Entries supplied: Begin

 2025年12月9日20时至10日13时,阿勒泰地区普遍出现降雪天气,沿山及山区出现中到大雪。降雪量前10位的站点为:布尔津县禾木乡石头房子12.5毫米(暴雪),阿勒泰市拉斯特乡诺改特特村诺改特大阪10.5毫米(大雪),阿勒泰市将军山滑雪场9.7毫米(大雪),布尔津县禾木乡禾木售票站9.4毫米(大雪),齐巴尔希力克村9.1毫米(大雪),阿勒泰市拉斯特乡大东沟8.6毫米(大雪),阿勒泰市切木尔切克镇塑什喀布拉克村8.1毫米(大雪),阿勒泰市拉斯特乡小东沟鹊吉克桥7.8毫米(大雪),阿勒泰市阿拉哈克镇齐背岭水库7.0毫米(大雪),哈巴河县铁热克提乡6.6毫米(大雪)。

Entries supplied: End
Entries supplied: Begin

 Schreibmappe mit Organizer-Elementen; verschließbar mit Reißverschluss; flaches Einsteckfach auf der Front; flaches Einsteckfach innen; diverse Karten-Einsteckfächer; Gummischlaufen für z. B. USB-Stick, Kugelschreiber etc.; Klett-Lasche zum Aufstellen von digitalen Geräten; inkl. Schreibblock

Entries supplied: End
Entries supplied: Begin

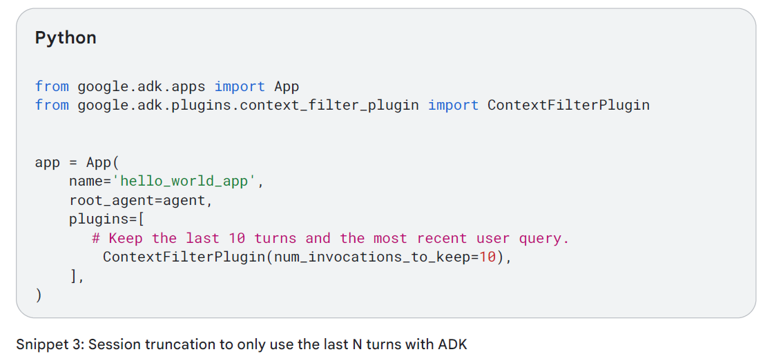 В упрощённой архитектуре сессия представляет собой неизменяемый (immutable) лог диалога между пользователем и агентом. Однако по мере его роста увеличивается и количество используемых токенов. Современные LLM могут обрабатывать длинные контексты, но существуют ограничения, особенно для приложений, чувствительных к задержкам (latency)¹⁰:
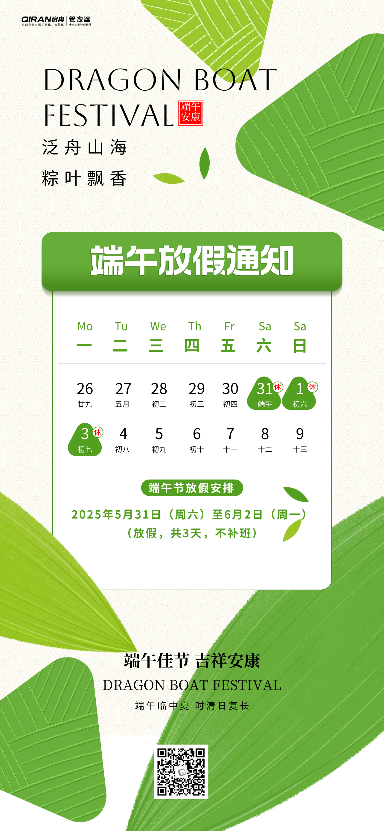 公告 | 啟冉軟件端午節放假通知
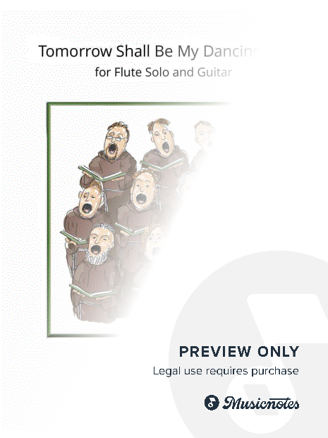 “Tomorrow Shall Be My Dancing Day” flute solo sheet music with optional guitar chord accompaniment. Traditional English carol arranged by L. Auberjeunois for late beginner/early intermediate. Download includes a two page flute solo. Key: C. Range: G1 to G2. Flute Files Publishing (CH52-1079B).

Entries supplied: End

▶ _Task instructions_: Please return the material above only from the line that holds "В упрощённой архитектуре" through the line that holds "Files Publishing (CH52-1079B).", exactly as it stands, ends included and pictures omitted.

▶ _Solution to the problem_:
 В упрощённой архитектуре сессия представляет собой неизменяемый (immutable) лог диалога между пользователем и агентом. Однако по мере его роста увеличивается и количество используемых токенов. Современные LLM могут обрабатывать длинные контексты, но существуют ограничения, особенно для приложений, чувствительных к задержкам (latency)¹⁰:
 公告 | 啟冉軟件端午節放假通知
 “Tomorrow Shall Be My Dancing Day” flute solo sheet music with optional guitar chord accompaniment. Traditional English carol arranged by L. Auberjeunois for late beginner/early intermediate. Download includes a two page flute solo. Key: C. Range: G1 to G2. Flute Files Publishing (CH52-1079B).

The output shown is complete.